Single-writer, append-only semantics

Tectonic has single-writer, append-only semantics – meaning Tectonic prohibits multiple concurrent writers to a file, and files can only be appended to. To ensure single-writer semantics, whenever a client opens a file it is given a write token that is stored with the file in the metadata layer. Any time a client wishes to write to the file, it must include the write token, and only the most up-to-date write token is allowed to mutate the file metadata and write to its chunks.

Client Data Path

While the control path goes through the metadata layer and ZippyDB, the data path is direct from the client to the chunk storage nodes. This reduces the networking bandwidth required for the system as a whole, as well as the compute required to move the bytes over the network.

Tectonic’s thick-client has very fine-grained control over its reads and writes, since it goes directly to the chunk storage nodes to read and write individual chunks. This allows the client to be tuned for different workloads, e.g., whether to optimize for durability or latency of writes. The Tectonic client can also tune these parameters per file, and even per block, as opposed to other systems that may enforce a single configuration across the entire filesystem.

Optimizing Full Block Writes: Write Reservation Requests

Tectonic uses the common quorum commit, or quorum write technique, to optimize clients doing full-block writes – only requiring a client to durably write to a majority of all chunk replicas of a block in order to commit the block. To illustrate, for a \(R(3.2)\) replicated file with 3 replicas² Tectonic will only require the client to finish writing to 2 of the replica chunks before considering the block committed – which helps tail latency³. If the final 3rd replica chunk write fails, Tectonic’s background maintenance services will fix up the block by repairing the 3rd chunk replica.

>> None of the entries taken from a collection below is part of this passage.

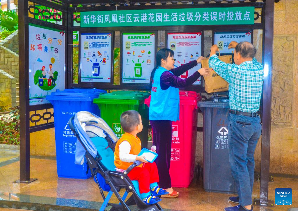 This undated photo shows a volunteer helping a man with garbage classification at a residential community in Guangzhou, south China's Guangdong Province. TO GO WITH (Guangzhou urban management bureau/Handout via Xinhua)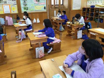 授業が終わった後で、校長室で話が弾みました。子どもの数の減少、空き家や土地問題、農業従事者の高齢化と後継者問題、子どもたちの通学の問題など、今、全国的な問題になっていることがこの下山でも課題としてあります。今日は子どもたちにとって貴重な学習の機会になりました。今日のお話をこれからの学習に役立てていきます。ありがとうございました。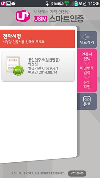 ★이제부터 공인인증서는 USIM에 저장하자!★LGU+ 고객만이 가질 수 있는 특별한 혜택!이제 공인인증서를 불안한 USB나 PC에 저장하지 말고 휴대폰 USIM에 저장하여 보안과 휴대성을 모두 챙기자!!★USIM 공인인증을 무료로 즐기자!!★USIM 공인인증은 2013년 11월 까지 무료로 이용 가능 합니다.(무료 이용 기간 종료 시 서비스가 유료로 전환 될 수 있습니다.유료 전환 시 자동으로 유료 전환되지 않으니 안심하시고 사용하세요~)※USIM 공인인증 이란?지금까지는 보안이 취약한 PC나 USB 및 SD메모리 카드를 이용하여 공인인증서를 저장하였지만,본 서비스는 해킹이 불가능한 USIM칩에 공인인증서를 저장하여 보안을 극대화한 보안 서비스 입니다.- 뱅킹, 증권, 본인인증 과정 중 전자서명이 필요할 때 사용 가능 합니다. - 해당 서비스는 LGU+ 고객님만 이용이 가능 합니다.- 고객님의 통신요금 방식에 따라 (3G/4G) 데이터사용료가 발생할 수 있습니다.※USIM 공인인증 주요기능1. 인증서 관리(공인인증서 관리)- 발급 받은 인증서를 삭제 할 수 있습니다.- 인증서의 유효기간을 확인 및 업데이트 할 수 있습니다.2. 인증서 복사(PC복사, QR코드 복사, 스마트폰 복사)- PC나 USB 저장메체에 있는 인증서를 USIM칩에 복사 합니다.- SmartPhone SD메모리 카드에 있는 인증서를 USIM칩에 복사 합니다.3. 전자서명 (뱅킹, 증권, 본인인증)- PC에서 전자서명이 필요할 경우(은행/관공서/증권사 등) 불편하게 인증서를 찾을 필요 없이 휴대폰 번호만 누르면 휴대폰 USIM칩에 있는 인증서를 볼 수 있습니다.- 인증서의 비밀번호가 아닌 보안토큰(USIM 공인인증)의 서비스 비밀번호를 사용하기에 안전성이 더욱 뛰어 납니다.- 최종 인증 시 스마트폰으로 다시 한 번 확인하여 본인이 아니면 최종 인증을 할 수 없습니다.※USIM 공인인증 이용안내1. LGU+고객님만 이용이 가능 합니다.2. 서비스 이용 문의 : 휴대폰 114 또는 1544-0010 , 이메일 : usimcertvoc@gmail.com3. 서비스 장애 및 기술 문의 : 070-8240-3062, 이메일 : usimcertvoc@gmail.com4. USIM 공인인증 서비스를 위하여 PC에 설치되어 있는 전자서명툴을 업그레이드 합니다.(다운로드 하기 : http://download.raonsecure.com/usimcert/usimcert.exe)5. 자세한 서비스 이용 및 문의는 http://www.usimcert.com 로 접속 하시면 안내 받으실 수 있습니다.※USIM 공인인증 유의사항- 휴대폰 A/S시에는 고객 정보보호를 위해 USIM 공인인증에 저장된 공인인증서를 삭제하신 후 A/S를 받아주세요- USIM 공인인증을 더 이상 사용하지 않는 경우, 고객 정보보호를 위해 본 애플리케이션 삭제 전에 모든 공인인증서를 삭제한 후 애플리케이션 삭제를 수행하세요. - USIM 공인인증에 폐기된 인증서가 남아 있을 경우, 해당 인증서를 삭제하여 주세요. - 휴대폰 분실 시 공인인증서를 발급 받은 인증기관을 통해 반드시 인증서 폐기를 하신 후 인증서를 재발급 받으세요. - 휴대폰 사용환경을 임의로 변경할 경우(루팅, 해킹 및 기타), USIM 공인인증은 동작하지 않을 수 있습니다.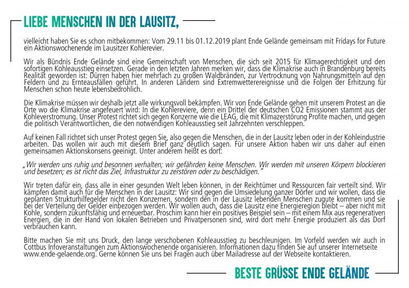 „Auf keinen Fall richtet sich unser Protest gegen Sie, also gegen die Menschen, die in der Lausitz leben oder in der Kohleindustrie arbeiten. Das wollen wir auch mit diesem Brief ganz deutlich sagen. Für unsere Aktion haben wir uns daher auf einen gemeinsamen Aktionskonsens geeinigt.“

In addition to this common optimization, Tectonic uses a neat technique called Reservation Requests to optimize full-block writes, that are similar to hedged requests discussed in The Tail At Scale. To motivate reservation requests, we’ll first take a little detour and look at hedged requests, their benefits and drawbacks, and why reservation requests might be more suitable for Tectonic’s use case.

Hedged requests are a latency optimization where instead of sending a single request for a piece of work, you send the request to potentially multiple servers, and accept the first response from the fastest server. The key to not just duplicating a lot of work though is that instead of immediately sending the request to multiple servers, you wait for a bit, where “a bit” means how long you’d expect a normal request to take. If the reply still hasn’t arrived, then you “hedge” your bet that this server will respond in a reasonable timeframe and send the same request to another replica.

Hedged requests help improve long-tail latency, since you avoid the situation where the client has to wait for a possibly unhealthy node to respond to its request before making any progress. However, a problem with hedged requests is that they can create a blow-up in the amount of work done by the receiving servers, as well as the additional bandwidth you need for the extra requests and responses – which is of concern for a storage system like Tectonic. In addition, Tectonic clients can’t really just choose another random storage node to write their data to, they have to coordinate with the metadata layer so that the metadata accurately reflects which nodes store which chunks.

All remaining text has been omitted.